> [Task requirements]: The following entries are to be repeated exactly, and the pictures are to be left behind.

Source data
====

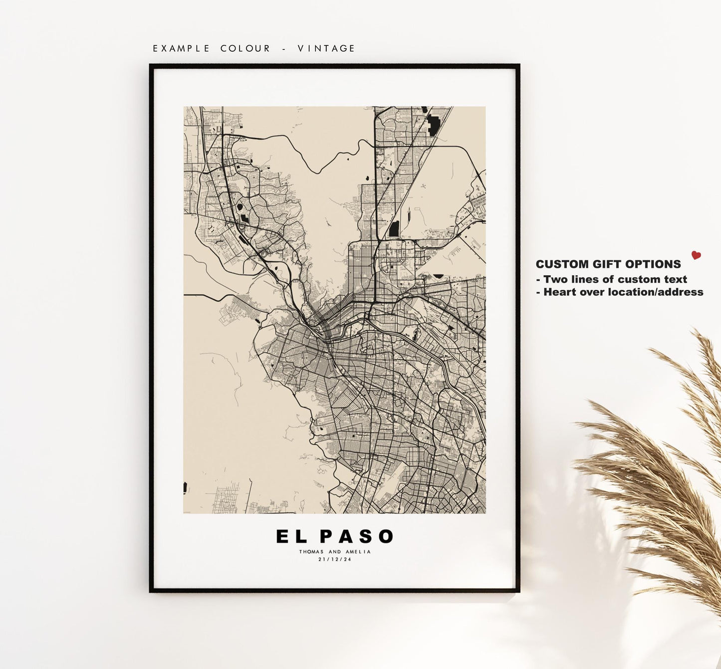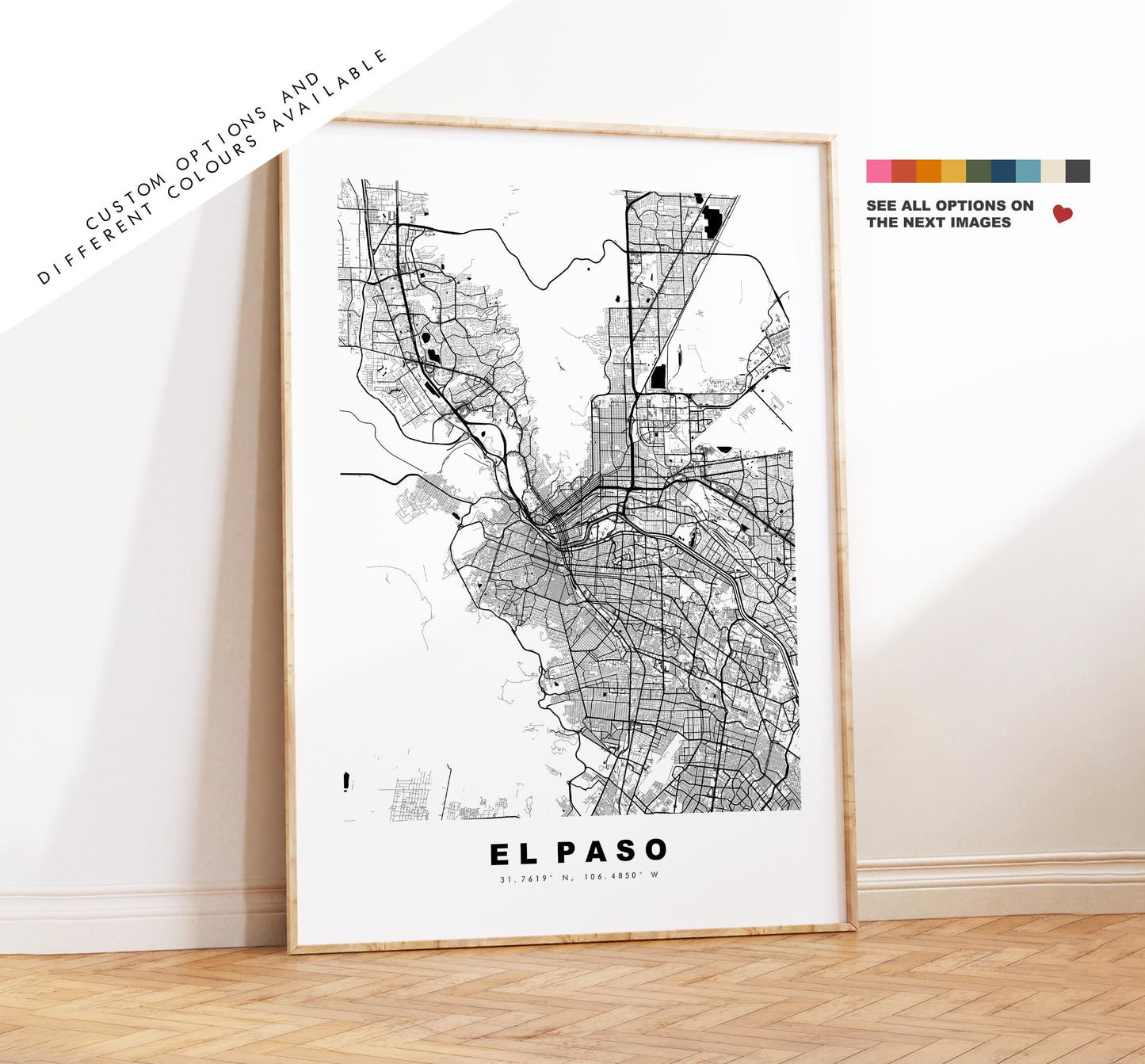 El Paso Map Print - City Map Poster - Map Art - USA City Maps - El Paso Print - El Paso Poster - Minimalist City Map - Texas
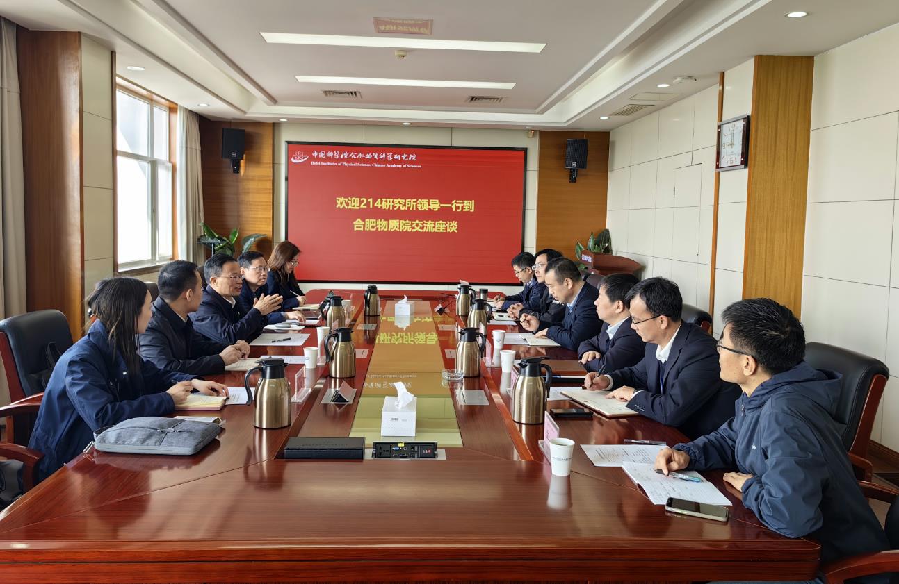 近日,中国兵器工业第214研究所所长陈丙根一行到合肥物质院交流座谈,院长刘建国、副院长宋云涛接待了来宾一行。
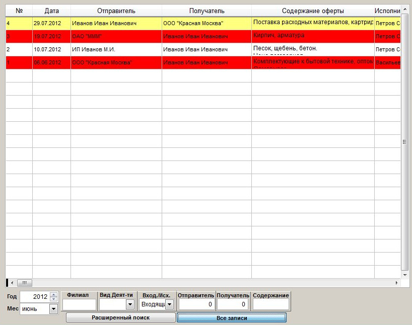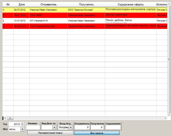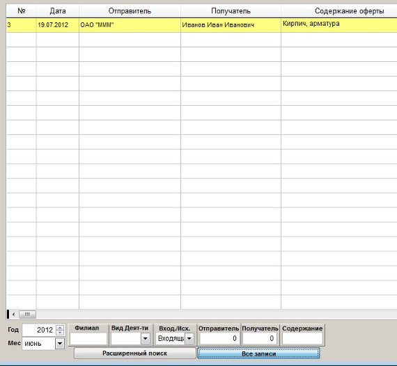 В результате выполнения поиска по журналу коммерческих предложений в нем отображаются только записи, соответствующие критерию поиска.
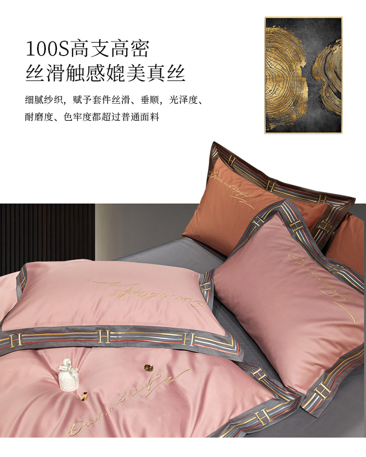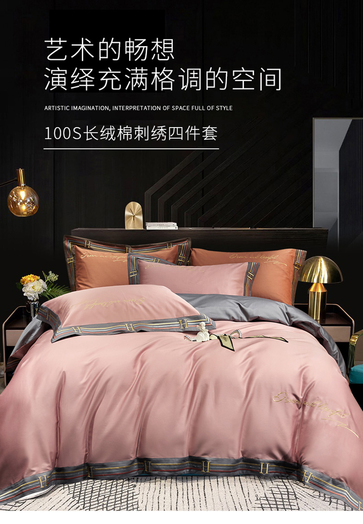 商品名称:爱缦 2021新款罗曼尼系列100支长绒棉奥棉四件套 藕粉
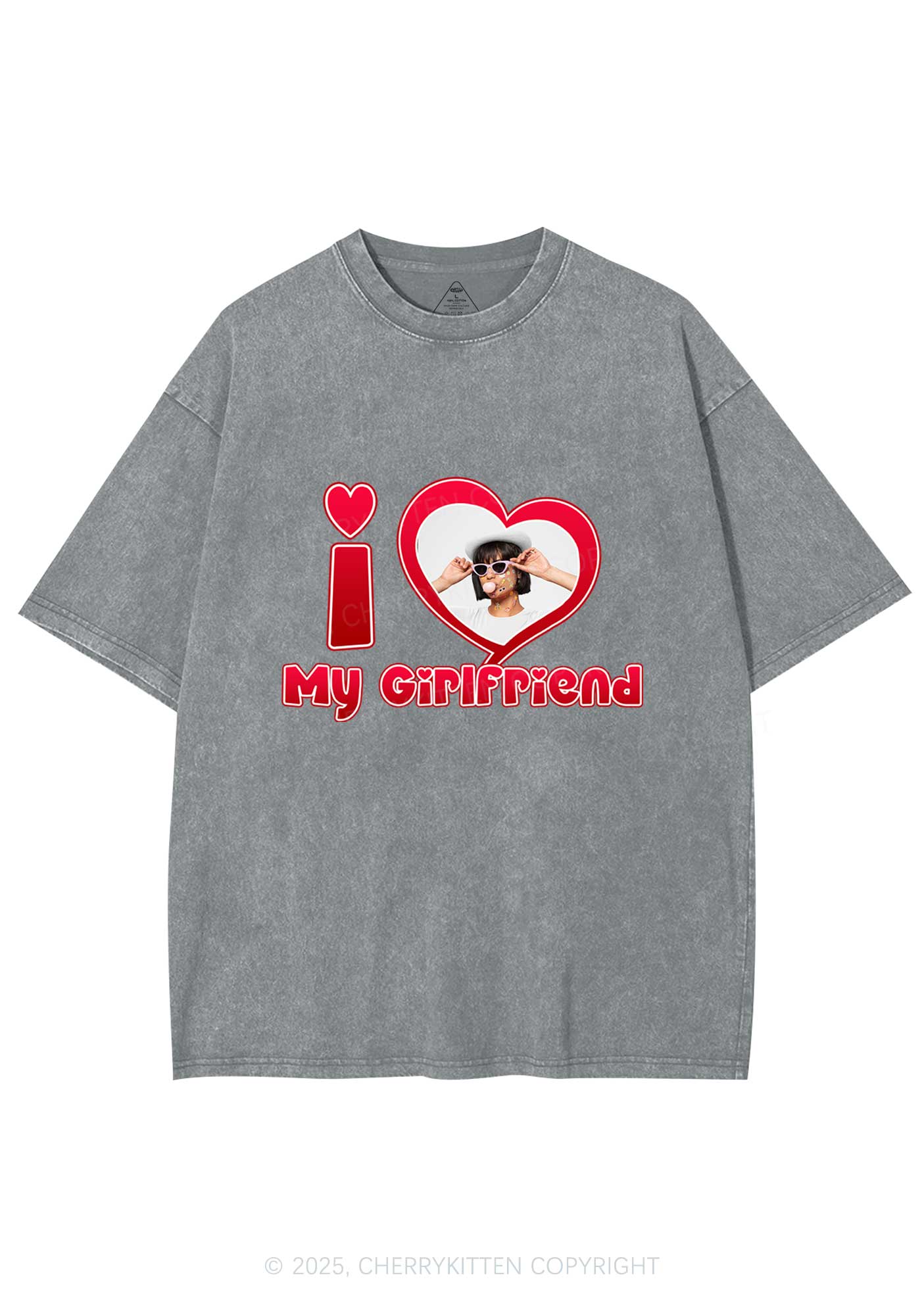 Custom Photo Red Heart Y2K Valentine's Day Washed Tee Cherrykitten
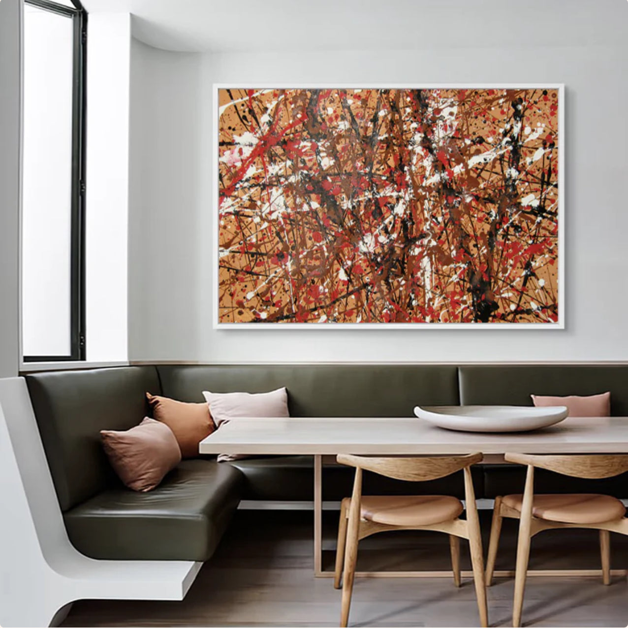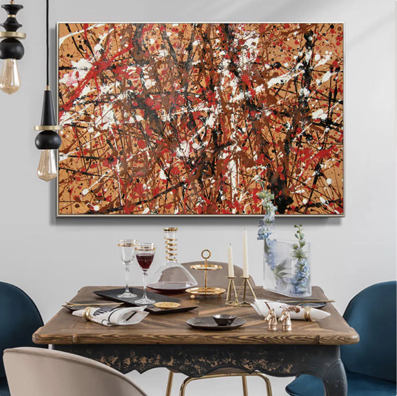 Unravel "Life's Puzzle," a captivating artwork that embodies the many questions of life. Vertical brushstrokes of red, black and brown dominate the canvas. Let this thought-provoking piece invite you into into the depths of life's intricate puzzle.
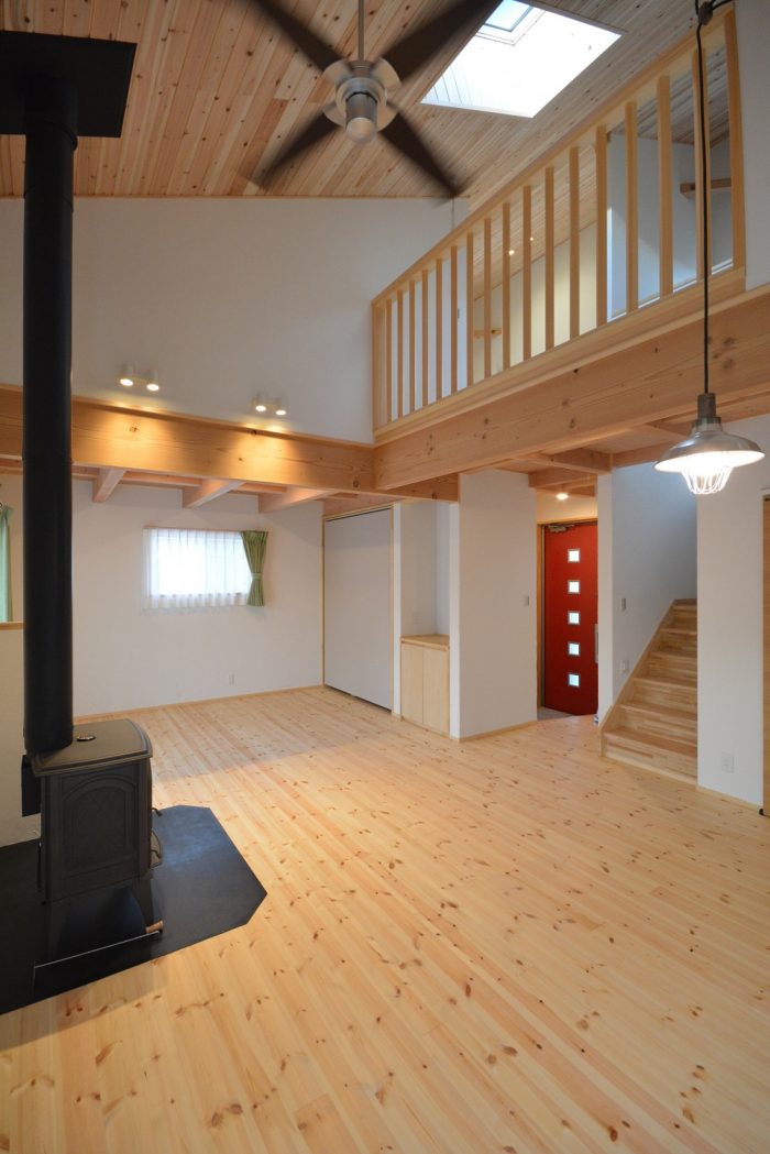 吹抜けに薪ストーブのある家
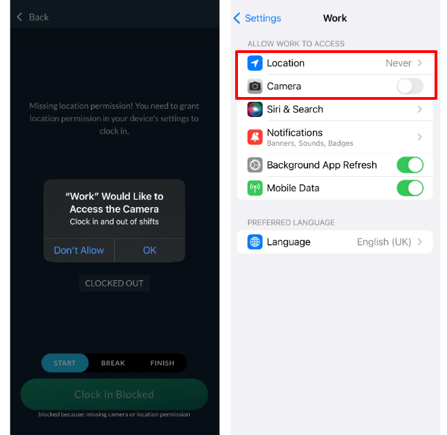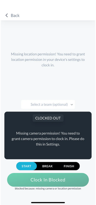 In order to record an accurate clock in, the mobile app requires permission to access your location and camera while using the app. This information is used by your organization to ensure the right employees are clocking in at the right places.

====

> [Answer box]:
 El Paso Map Print - City Map Poster - Map Art - USA City Maps - El Paso Print - El Paso Poster - Minimalist City Map - Texas
 近日,中国兵器工业第214研究所所长陈丙根一行到合肥物质院交流座谈,院长刘建国、副院长宋云涛接待了来宾一行。
 В результате выполнения поиска по журналу коммерческих предложений в нем отображаются только записи, соответствующие критерию поиска.
 商品名称:爱缦 2021新款罗曼尼系列100支长绒棉奥棉四件套 藕粉
 Custom Photo Red Heart Y2K Valentine's Day Washed Tee Cherrykitten
 Unravel "Life's Puzzle," a captivating artwork that embodies the many questions of life. Vertical brushstrokes of red, black and brown dominate the canvas. Let this thought-provoking piece invite you into into the depths of life's intricate puzzle.
 吹抜けに薪ストーブのある家
 In order to record an accurate clock in, the mobile app requires permission to access your location and camera while using the app. This information is used by your organization to ensure the right employees are clocking in at the right places.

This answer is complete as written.